* What this task involves
Print the lines that run from the line with "The North tower" to the line with "云南国资、中国有色金属报、云", keeping both end lines, exactly as they appear in the entries below, and nothing else.

* Listed records

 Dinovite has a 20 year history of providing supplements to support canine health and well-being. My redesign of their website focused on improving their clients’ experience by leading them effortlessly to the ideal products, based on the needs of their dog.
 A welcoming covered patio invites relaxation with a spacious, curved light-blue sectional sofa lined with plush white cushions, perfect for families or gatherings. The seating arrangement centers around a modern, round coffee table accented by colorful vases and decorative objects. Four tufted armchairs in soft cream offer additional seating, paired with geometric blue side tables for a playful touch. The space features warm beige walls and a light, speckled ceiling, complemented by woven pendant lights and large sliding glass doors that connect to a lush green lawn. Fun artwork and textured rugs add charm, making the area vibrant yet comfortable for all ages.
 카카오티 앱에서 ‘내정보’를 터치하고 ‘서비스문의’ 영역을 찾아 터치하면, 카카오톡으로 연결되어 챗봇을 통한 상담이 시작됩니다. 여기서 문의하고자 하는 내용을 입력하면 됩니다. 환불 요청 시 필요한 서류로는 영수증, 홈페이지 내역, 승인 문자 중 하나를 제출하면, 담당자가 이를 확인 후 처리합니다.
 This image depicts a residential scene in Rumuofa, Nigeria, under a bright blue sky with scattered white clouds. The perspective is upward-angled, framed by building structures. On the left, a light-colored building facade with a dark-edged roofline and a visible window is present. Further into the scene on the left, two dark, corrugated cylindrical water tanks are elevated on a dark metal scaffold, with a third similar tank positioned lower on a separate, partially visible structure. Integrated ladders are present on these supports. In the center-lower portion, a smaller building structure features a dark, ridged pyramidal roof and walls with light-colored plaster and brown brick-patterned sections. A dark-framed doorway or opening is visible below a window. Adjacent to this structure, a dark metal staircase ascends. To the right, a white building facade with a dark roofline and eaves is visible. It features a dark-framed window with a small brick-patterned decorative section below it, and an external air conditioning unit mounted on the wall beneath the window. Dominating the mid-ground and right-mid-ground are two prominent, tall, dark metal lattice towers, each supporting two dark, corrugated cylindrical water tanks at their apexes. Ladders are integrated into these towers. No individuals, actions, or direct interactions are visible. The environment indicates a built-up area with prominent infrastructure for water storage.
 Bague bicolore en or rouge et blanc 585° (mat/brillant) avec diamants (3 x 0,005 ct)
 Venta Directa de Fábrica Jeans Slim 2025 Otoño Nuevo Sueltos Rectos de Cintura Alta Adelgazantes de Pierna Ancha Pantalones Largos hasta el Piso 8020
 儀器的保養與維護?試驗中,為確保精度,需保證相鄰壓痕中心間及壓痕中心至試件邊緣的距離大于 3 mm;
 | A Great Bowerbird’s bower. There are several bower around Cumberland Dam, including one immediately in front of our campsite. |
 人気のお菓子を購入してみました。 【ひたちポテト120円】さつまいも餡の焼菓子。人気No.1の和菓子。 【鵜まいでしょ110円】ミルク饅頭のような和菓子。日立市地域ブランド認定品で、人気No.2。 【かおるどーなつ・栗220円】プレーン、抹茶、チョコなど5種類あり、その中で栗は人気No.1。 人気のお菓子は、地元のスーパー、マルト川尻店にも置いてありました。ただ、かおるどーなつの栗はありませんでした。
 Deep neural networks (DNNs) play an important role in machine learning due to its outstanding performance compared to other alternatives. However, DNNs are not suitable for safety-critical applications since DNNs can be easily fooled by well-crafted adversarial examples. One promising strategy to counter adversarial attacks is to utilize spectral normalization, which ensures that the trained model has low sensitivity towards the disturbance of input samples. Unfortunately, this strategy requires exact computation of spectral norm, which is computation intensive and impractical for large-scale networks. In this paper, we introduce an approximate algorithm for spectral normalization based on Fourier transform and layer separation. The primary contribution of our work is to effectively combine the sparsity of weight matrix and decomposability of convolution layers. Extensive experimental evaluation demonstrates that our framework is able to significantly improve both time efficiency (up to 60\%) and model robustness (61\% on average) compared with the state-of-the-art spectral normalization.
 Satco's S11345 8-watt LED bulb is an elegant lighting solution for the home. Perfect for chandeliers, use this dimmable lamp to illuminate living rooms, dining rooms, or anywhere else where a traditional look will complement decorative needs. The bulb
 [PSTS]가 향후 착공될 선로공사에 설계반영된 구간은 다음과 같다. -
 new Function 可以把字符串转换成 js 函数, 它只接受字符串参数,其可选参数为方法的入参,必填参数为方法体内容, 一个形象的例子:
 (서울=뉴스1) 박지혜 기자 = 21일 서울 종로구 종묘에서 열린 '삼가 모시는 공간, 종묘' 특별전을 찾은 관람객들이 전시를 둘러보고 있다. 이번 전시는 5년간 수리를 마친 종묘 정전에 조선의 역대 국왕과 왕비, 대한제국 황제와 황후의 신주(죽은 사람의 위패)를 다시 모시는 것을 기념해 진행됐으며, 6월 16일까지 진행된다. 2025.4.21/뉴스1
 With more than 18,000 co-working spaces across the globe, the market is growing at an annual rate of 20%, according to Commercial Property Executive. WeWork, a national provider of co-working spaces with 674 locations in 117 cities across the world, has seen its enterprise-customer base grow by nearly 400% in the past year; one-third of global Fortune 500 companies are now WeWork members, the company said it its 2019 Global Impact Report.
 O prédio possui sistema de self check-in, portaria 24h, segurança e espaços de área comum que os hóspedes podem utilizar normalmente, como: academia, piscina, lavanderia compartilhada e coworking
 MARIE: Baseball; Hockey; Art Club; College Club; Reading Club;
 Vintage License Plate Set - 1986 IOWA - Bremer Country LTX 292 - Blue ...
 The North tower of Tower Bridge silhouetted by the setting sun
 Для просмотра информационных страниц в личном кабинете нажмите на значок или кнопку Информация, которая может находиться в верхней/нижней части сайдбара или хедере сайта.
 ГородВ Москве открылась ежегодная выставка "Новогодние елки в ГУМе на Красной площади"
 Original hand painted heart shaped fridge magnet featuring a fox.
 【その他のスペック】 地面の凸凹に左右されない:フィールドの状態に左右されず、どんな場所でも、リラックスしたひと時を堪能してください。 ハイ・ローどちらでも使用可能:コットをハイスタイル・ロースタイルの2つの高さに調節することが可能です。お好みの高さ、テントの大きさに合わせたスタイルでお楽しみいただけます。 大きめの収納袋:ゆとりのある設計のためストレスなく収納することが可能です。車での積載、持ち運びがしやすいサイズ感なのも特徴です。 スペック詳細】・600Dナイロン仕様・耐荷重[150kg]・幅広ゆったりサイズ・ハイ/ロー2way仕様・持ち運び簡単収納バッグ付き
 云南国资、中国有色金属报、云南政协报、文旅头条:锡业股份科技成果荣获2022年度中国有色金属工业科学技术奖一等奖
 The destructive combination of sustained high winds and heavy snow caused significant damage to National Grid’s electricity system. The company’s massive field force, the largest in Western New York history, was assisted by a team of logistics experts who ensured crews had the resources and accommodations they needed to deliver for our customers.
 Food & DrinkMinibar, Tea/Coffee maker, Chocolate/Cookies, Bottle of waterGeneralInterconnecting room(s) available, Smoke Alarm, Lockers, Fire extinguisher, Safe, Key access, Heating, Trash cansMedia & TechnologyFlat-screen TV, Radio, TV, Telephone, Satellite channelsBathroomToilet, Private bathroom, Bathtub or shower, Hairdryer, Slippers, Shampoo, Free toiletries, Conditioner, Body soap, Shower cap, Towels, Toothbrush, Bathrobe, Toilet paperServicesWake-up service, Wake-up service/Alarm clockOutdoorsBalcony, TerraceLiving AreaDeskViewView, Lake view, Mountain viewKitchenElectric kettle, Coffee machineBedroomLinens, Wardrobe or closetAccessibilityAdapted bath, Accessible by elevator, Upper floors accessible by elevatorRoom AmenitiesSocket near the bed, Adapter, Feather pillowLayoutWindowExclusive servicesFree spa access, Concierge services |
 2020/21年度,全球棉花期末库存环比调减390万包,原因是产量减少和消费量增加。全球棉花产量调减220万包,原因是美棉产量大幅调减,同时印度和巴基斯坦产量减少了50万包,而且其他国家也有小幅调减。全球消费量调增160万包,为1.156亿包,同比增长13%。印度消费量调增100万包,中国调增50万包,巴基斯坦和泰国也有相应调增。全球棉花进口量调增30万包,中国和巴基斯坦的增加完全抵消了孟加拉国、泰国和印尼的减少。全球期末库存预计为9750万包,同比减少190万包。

* Finished exercise
 The North tower of Tower Bridge silhouetted by the setting sun
 Для просмотра информационных страниц в личном кабинете нажмите на значок или кнопку Информация, которая может находиться в верхней/нижней части сайдбара или хедере сайта.
 ГородВ Москве открылась ежегодная выставка "Новогодние елки в ГУМе на Красной площади"
 Original hand painted heart shaped fridge magnet featuring a fox.
 【その他のスペック】 地面の凸凹に左右されない:フィールドの状態に左右されず、どんな場所でも、リラックスしたひと時を堪能してください。 ハイ・ローどちらでも使用可能:コットをハイスタイル・ロースタイルの2つの高さに調節することが可能です。お好みの高さ、テントの大きさに合わせたスタイルでお楽しみいただけます。 大きめの収納袋:ゆとりのある設計のためストレスなく収納することが可能です。車での積載、持ち運びがしやすいサイズ感なのも特徴です。 スペック詳細】・600Dナイロン仕様・耐荷重[150kg]・幅広ゆったりサイズ・ハイ/ロー2way仕様・持ち運び簡単収納バッグ付き
 云南国资、中国有色金属报、云南政协报、文旅头条:锡业股份科技成果荣获2022年度中国有色金属工业科学技术奖一等奖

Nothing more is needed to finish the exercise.